Entonces Gabo llega con un libro de su pequeña biblioteca y, sin quitarse una sonrisa pícara del rostro, me dice: “Toma, papá, léete este”. Tiene treinta páginas, es de letras grandes y con abundantes dibujos, se llama Me casaré con la maestra, de Danielle Fossette, una historia para niños de seis o siete años regalo de su madre y que juntos leyeron muchas veces mientras nuestro hijo a esa edad alcanzaba el sueño que lo llevaría a mundos fantásticos, o quizás a casarse con su maestra. Más allá de la broma, entiendo que leer un libro infantil —que a lo sumo me llevaría cinco minutos hacerlo— sería tomar un atajo muy fácil para cumplir con el cometido.

El tiempo corre, son las 10:30 y decido que la solución es leer uno de los tantos libros digitales que tengo y se adapte a mi circunstancia, pero nuevamente mi hijo hace de aguafiestas y me dice: “¿Y si se va la luz? Estamos en Venezuela, papá”. Asumo que, por inverosímil que parezca, tiene razón, sería un riesgo y descarto esa idea. Comienzo a desesperarme un poco y vuelvo a la biblioteca en busca del bendito último libro del año. De la misma sección de literatura japonesa, tomo uno de poesía de varios autores. No recuerdo si el libro me gustó o no, pues lo leí hace mucho tiempo, pero reparo en que servirá perfectamente a mis propósitos.

Le comento a Gabo que finalmente leeré el de poesía japonesa, pero me dice que no cree que un libro releído cuente para lograr la meta. Entonces le explico algo que él todavía no entiende por su corta edad, pero forma parte de esa experiencia formidable por la que pasa todo lector, y es que al momento de releer un libro por necesidad somos ya otra

persona y es otro el libro que leemos, a menudo muy distinto al leído la primera vez.

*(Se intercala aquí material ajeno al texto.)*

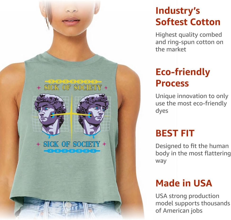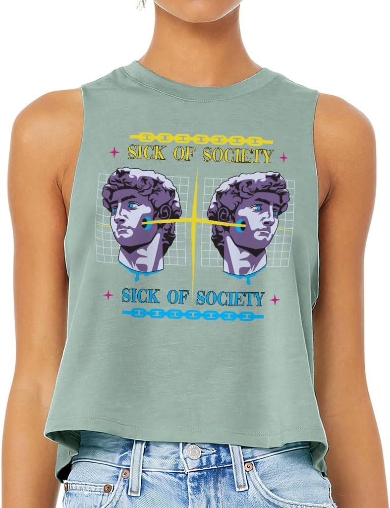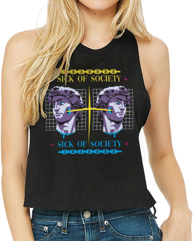 Cute and flattering Sick Of Society Racerback Cropped Tank is suitable for most indoor or outdoor activities, such as gym, yoga, running, hiking, beach or relaxing around the house. Pair Great Gifts with your favorite sports bras, especially strappy ones, and high-waisted leggings, then you will enjoy cool and comfortable exercise throughout the summer.

11.30: Leo el último verso del último poema y me doy por satisfecho con el deber cumplido. Resultó que el poema que más me gustó la primera vez es el mismo que me gusta más con la relectura. Es del poeta Shuntaro Tanikawa y se llama “La moneda de diez yenes”, habla de un muchacho que tiene una última moneda de diez yenes y quiere darle a esta un uso especial, no gastándola en dulces o llamando por teléfono a un amigo. Entonces avista estacionado en la calle un soberbio auto de lujo, “Un auto altivo como una bella mujer”, y con el canto de la moneda raya su pulida e impecable carrocería. Luego tira la moneda hacia el tráfico de la calle atestada de gente. Le leo el poema a Gabo y coincidimos en que es raro, un poco perturbador, pero hermoso. Al final de todo, constato que ha sido una estupenda manera de finalizar el año en mi extraordinario viaje de lector impenitente.

La moneda de diez yenes

Con su última moneda de diez yenes el muchacho quiso hacer una llamada por teléfono. Quería hablar con alguien de confianza, En un lenguaje vulgar, pero ninguno de sus amigos tenía teléfono. La moneda de diez yenes estaba húmeda en su palma y olía a metal. (¿Por qué tengo que comprar chicle? Esta moneda de diez yenes se usará para algo más importante.) Entonces el muchacho vio el auto, un auto altivo como una bella mujer, soberbio como una dicha inalcanzable… y, antes de que él mismo lo supiera, el muchacho, agarrando de su mano la moneda de diez yenes, rayó el bello pulimento, Un tajo largo y profundo… Luego el muchacho lanzó la moneda de diez yenes, con todas sus fuerzas, al corazón del tráfico urbano.